I’ve lived in my condo in Florida for about ten years, enjoying the privacy and anonymity of a simple nod and smile to my neighbors.
Recently, a new neighbor jumped over my comfort line. I believe this person is just an aggressive extrovert. But after our initial, “Hello,” the situation became a nightmare for me.
We don’t have a “conversation,” as it’s more of a monologue. Whenever this person sees me, it begins. Before I can even say that I’m in a hurry, this person is already half-way into many monologues.
The topics are always about everyone else in the building – people I don’t know or care to know. There’s never a natural break, so I’m often stuck there for long periods of time, feeling trapped.
It’s become so bad that if I see that this person’s in the parking lot, I drive on and wait it out. I’m angry that this person has pushed themselves into my life.
I’m frustrated that my home and my safe place have become a virtual prison. I don’t want to live like this but I don’t know how to handle it.
Do you have any suggestions?
Sounds to me like this person is a very lonely extrovert. If I had to guess, I would say that you’re probably not his/her only victim.
You could try a direct approach – “You know, you talk a lot, don’t you ever stop?” but I wouldn’t necessarily recommend that, unless you’re prepared for a punch in the nose.
Instead, a harsh truth can also be said gently, thereby earning respect and possible acceptance.
Try this, the next time he/she pauses to take a breath, put your hand up and signal, “One minute.” Then say, “You’ve said a lot of things about people that I like and I’m usually very careful about saying negative things about people – it’s part of my religion.”

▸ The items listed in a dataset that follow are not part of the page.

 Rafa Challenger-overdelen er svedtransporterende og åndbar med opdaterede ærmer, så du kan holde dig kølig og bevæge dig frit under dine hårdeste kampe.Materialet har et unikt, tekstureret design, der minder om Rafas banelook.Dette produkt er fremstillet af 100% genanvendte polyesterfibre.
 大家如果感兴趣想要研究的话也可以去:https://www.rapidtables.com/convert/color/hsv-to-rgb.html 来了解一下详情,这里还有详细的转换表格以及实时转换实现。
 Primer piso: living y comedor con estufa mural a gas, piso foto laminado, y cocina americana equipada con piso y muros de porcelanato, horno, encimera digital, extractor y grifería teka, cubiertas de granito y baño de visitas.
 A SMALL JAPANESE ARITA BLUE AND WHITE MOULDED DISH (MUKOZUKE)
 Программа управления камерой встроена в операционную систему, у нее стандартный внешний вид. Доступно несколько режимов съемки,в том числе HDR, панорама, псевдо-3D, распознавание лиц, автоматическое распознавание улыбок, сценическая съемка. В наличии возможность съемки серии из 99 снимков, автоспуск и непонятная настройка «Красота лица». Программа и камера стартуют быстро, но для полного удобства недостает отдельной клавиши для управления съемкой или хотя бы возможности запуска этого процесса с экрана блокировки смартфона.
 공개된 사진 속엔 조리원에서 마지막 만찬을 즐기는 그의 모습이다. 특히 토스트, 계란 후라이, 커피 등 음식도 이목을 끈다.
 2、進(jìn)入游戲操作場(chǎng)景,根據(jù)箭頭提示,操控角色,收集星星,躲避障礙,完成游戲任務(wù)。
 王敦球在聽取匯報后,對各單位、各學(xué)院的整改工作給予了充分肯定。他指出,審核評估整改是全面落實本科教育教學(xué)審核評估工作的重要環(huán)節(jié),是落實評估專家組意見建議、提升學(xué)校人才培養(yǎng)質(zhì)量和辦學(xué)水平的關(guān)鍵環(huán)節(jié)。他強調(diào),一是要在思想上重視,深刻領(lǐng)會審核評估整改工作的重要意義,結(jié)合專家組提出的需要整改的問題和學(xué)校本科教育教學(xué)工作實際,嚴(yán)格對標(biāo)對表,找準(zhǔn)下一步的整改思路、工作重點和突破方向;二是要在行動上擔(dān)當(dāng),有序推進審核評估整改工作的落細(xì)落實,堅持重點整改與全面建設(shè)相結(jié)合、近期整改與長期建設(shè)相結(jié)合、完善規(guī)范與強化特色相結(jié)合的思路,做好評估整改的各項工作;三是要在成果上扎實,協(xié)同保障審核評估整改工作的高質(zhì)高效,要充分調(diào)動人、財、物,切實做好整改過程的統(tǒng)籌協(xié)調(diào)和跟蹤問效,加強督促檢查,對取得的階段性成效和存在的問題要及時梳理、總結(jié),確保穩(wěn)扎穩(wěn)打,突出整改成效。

Will he/she get the hint? Possibly not. In that case try one of the following:
- “I’m not really a morning/evening person, so I’m not much for conversation now. See you another time.”
- “Oooh, there’s something I wanted to tell you, but I have to run to the bathroom. Maybe later.” (If, heaven forbid, they call and remind you that you wanted to say something, shrug it off and say it wasn’t important.)
- “Just got home from work, gotta rest. Maybe later.”
- “You’ve given me a lot to think about. Gotta go.”
Realize that an extrovert needs to talk. Some people take it to an extreme. .He/she will probably never acknowledge that you are running away from them but sooner or later, if you keep on backing away “politely,” they’ll accept a little wave hello and go on to find someone else who is willing to listen.